▶ [Records shown]:
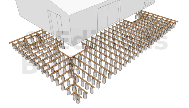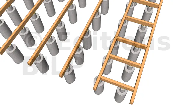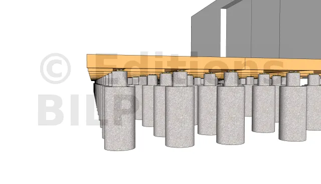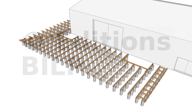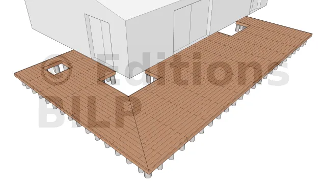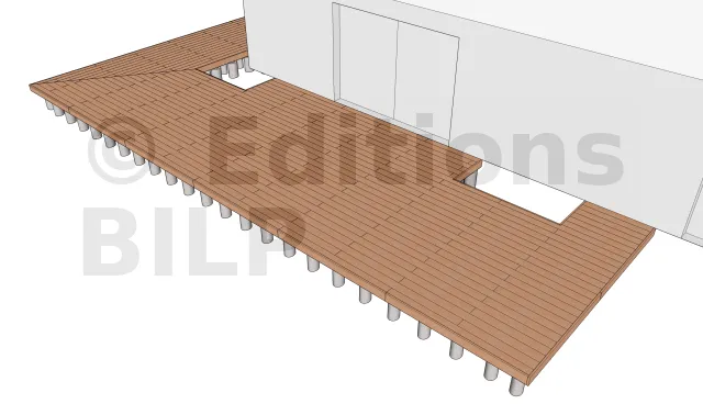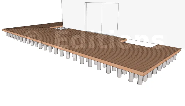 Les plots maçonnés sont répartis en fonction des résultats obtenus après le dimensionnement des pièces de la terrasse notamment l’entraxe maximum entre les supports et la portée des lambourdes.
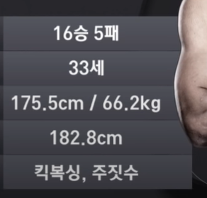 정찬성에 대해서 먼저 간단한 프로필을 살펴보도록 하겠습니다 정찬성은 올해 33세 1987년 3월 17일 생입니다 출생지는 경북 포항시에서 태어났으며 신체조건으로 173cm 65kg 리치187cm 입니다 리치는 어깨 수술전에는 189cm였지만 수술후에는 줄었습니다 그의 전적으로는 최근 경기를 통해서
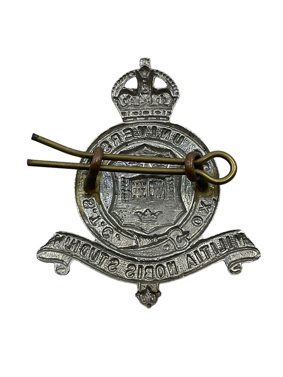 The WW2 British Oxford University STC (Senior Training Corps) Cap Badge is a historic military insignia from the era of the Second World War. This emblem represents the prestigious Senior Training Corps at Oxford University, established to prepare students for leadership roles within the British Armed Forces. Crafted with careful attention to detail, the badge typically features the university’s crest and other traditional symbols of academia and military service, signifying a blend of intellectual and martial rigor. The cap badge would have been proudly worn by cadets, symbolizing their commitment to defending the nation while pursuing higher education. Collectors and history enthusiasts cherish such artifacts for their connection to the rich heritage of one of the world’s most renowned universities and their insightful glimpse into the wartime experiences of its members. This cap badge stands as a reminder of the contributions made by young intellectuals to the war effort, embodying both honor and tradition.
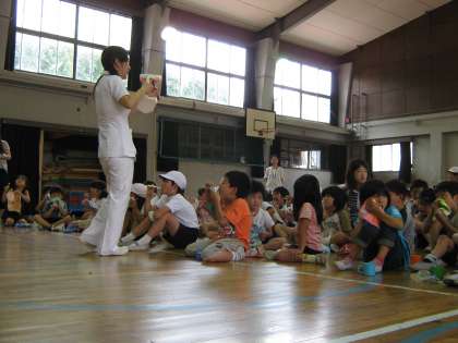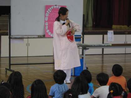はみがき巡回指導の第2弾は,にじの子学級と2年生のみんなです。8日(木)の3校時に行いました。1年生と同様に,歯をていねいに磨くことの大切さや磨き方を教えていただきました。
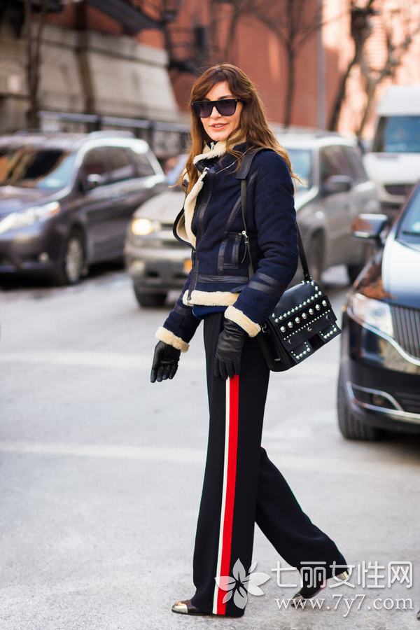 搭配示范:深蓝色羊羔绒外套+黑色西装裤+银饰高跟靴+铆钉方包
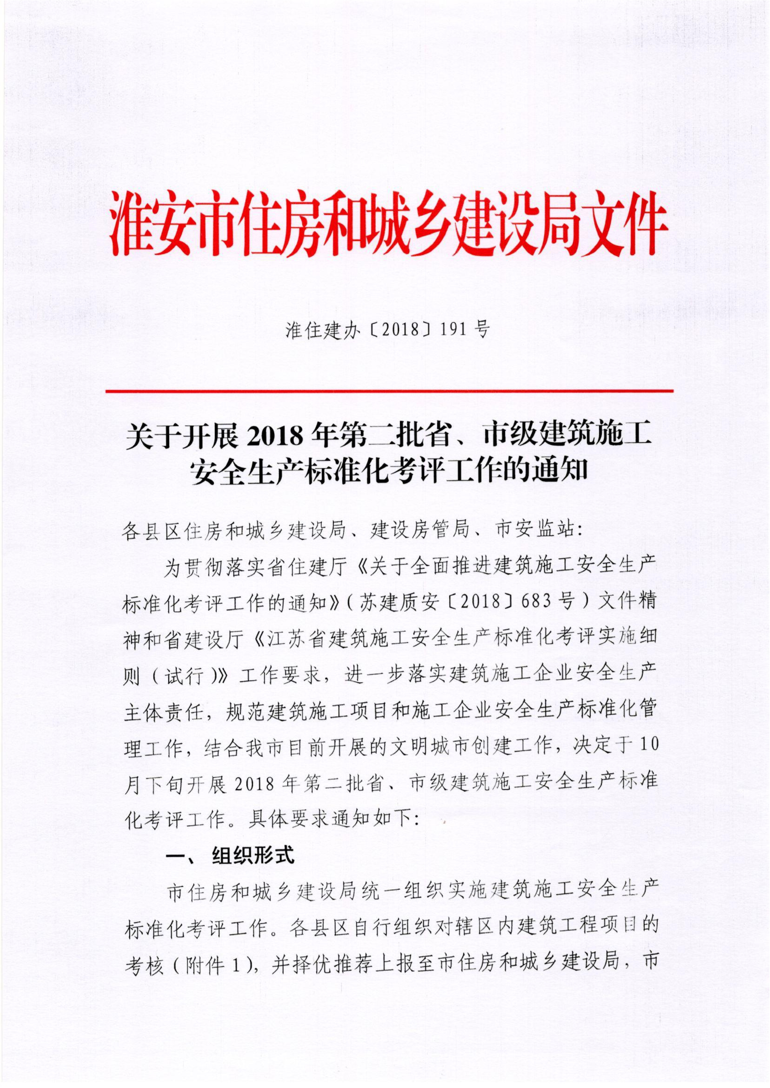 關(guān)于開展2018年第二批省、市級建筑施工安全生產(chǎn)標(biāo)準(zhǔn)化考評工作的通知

▶ [What is being asked]:
Without any pictures, write out the lines running from the one containing "搭配示范:深蓝色羊羔绒外套+黑色西装裤+银饰高跟靴+铆钉方包" through the end of the listing above, both included, exactly as given.

▶ [Result]:
 搭配示范:深蓝色羊羔绒外套+黑色西装裤+银饰高跟靴+铆钉方包
 關(guān)于開展2018年第二批省、市級建筑施工安全生產(chǎn)標(biāo)準(zhǔn)化考評工作的通知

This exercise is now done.